** The data follows **

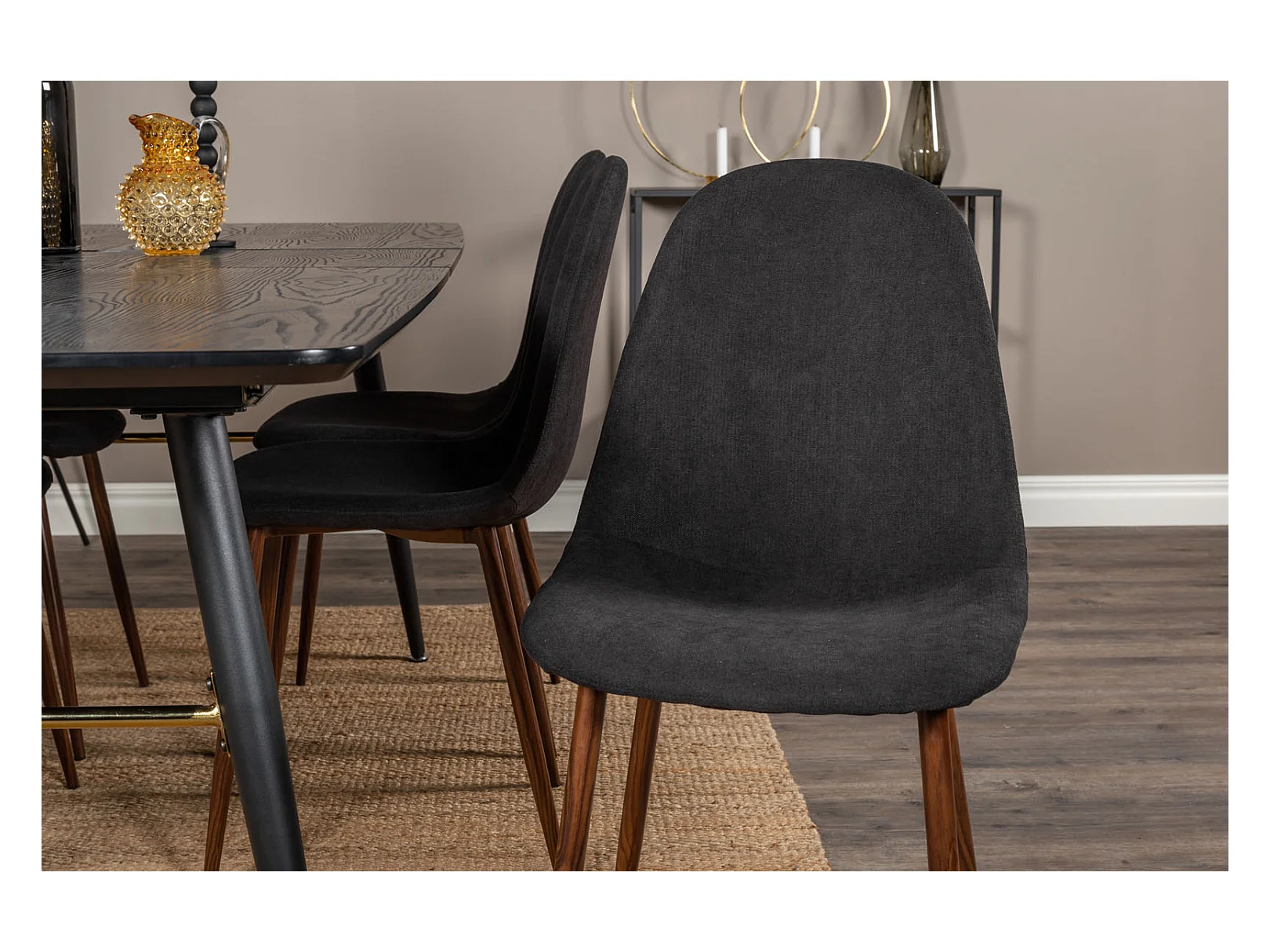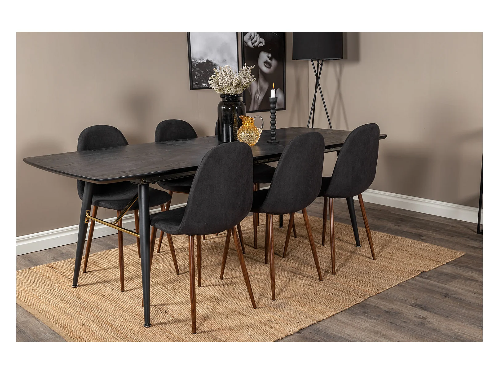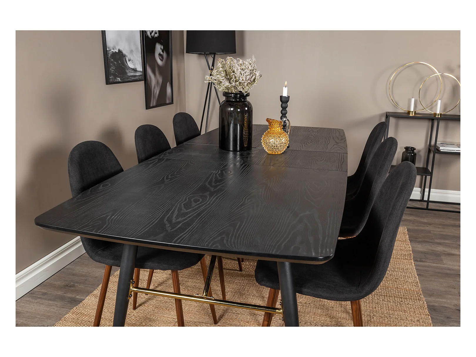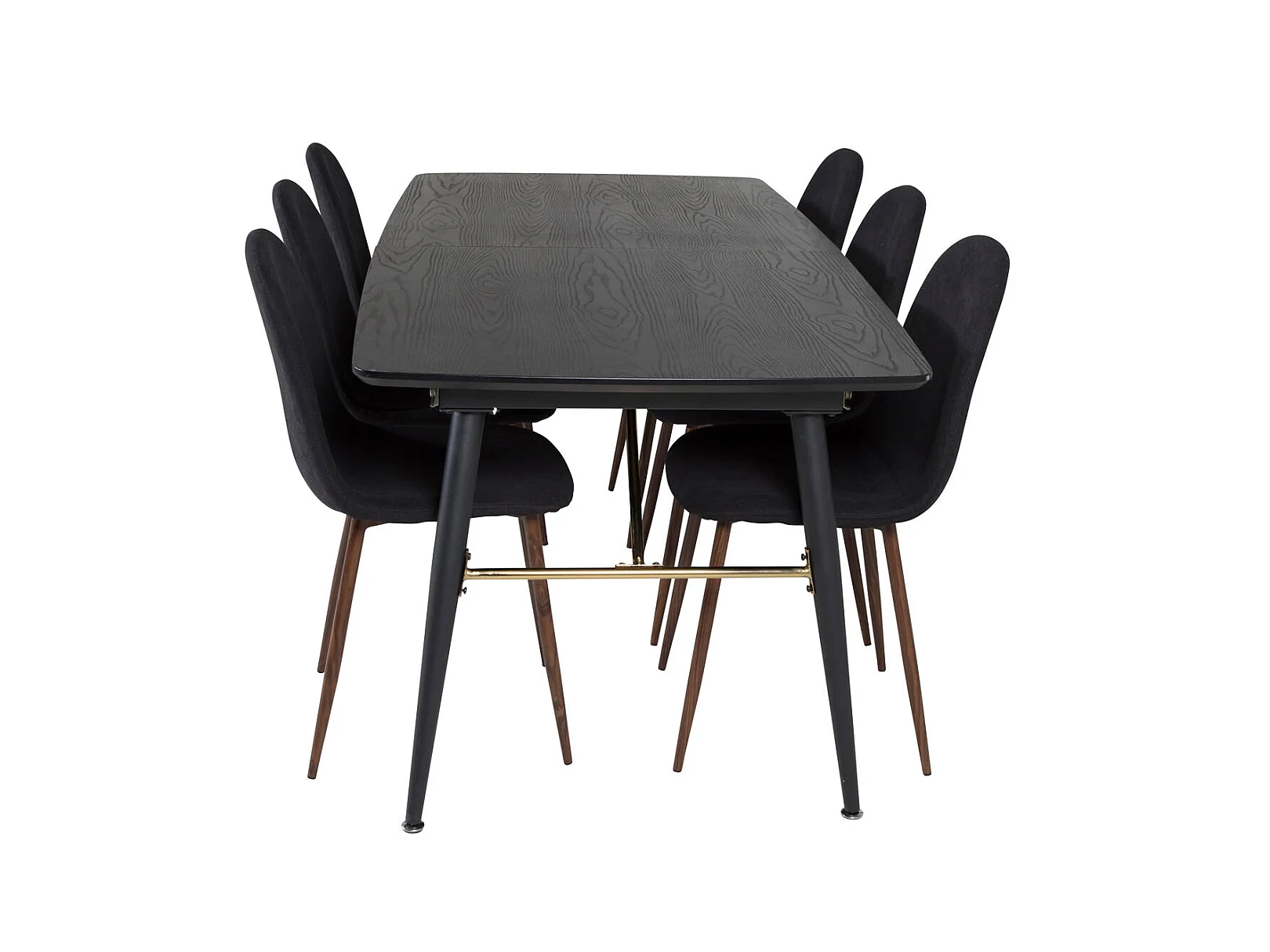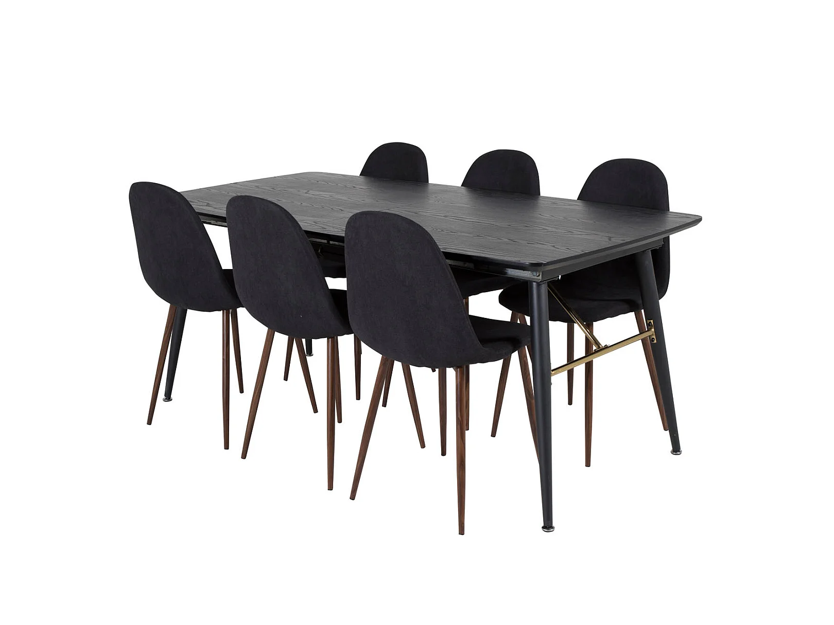 Gold eethoek eetkamertafel uitschuifbare tafel lengte cm 180 / 220 zwart en 6 Polar eetkamerstal zwart.
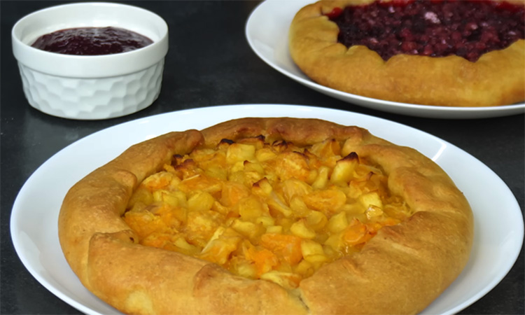 Обомните тесто, разделите его на две части и раскатайте каждый кусок сразу на пергаменте, формируя круглые пласты. Выложите первую начинку в центр, оставьте свободные края и заверните их внутрь, легко прижимая, чтобы они закрепились. Повторите то же с брусничной начинкой, сформируйте вторую галету и перенесите их на противень. Выпекайте при 180 градусах тридцать пять-сорок минут.
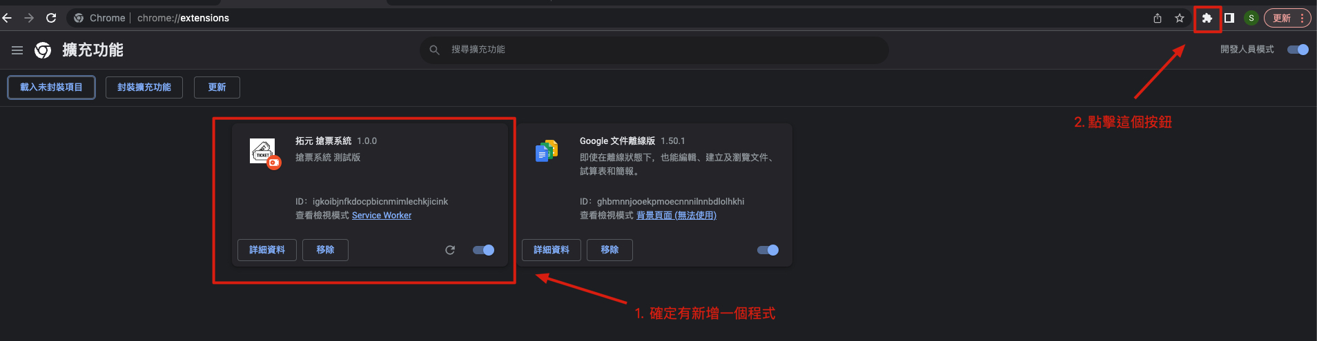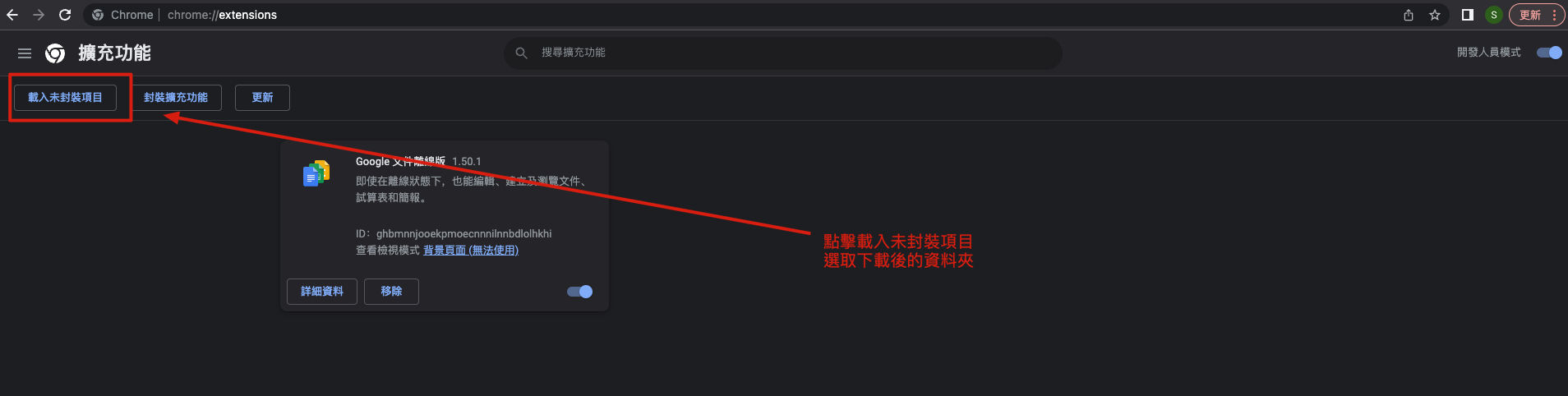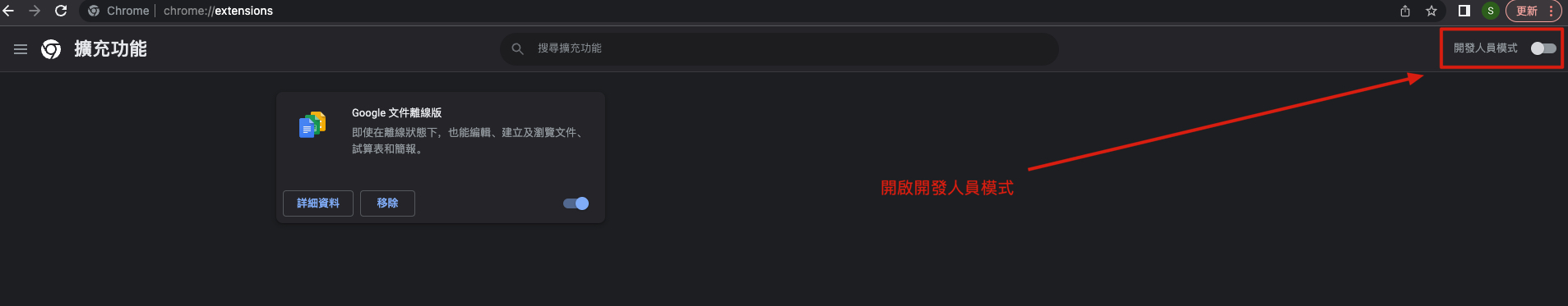 然後進入此網址 chrome://extensions

** End of The data **

● **Task directions**: Lines before the one containing "Обомните тесто, разделите" are not wanted; write out that line and every later line through the end of the data above, exactly, without pictures.

● **Task result**:
 Обомните тесто, разделите его на две части и раскатайте каждый кусок сразу на пергаменте, формируя круглые пласты. Выложите первую начинку в центр, оставьте свободные края и заверните их внутрь, легко прижимая, чтобы они закрепились. Повторите то же с брусничной начинкой, сформируйте вторую галету и перенесите их на противень. Выпекайте при 180 градусах тридцать пять-сорок минут.
 然後進入此網址 chrome://extensions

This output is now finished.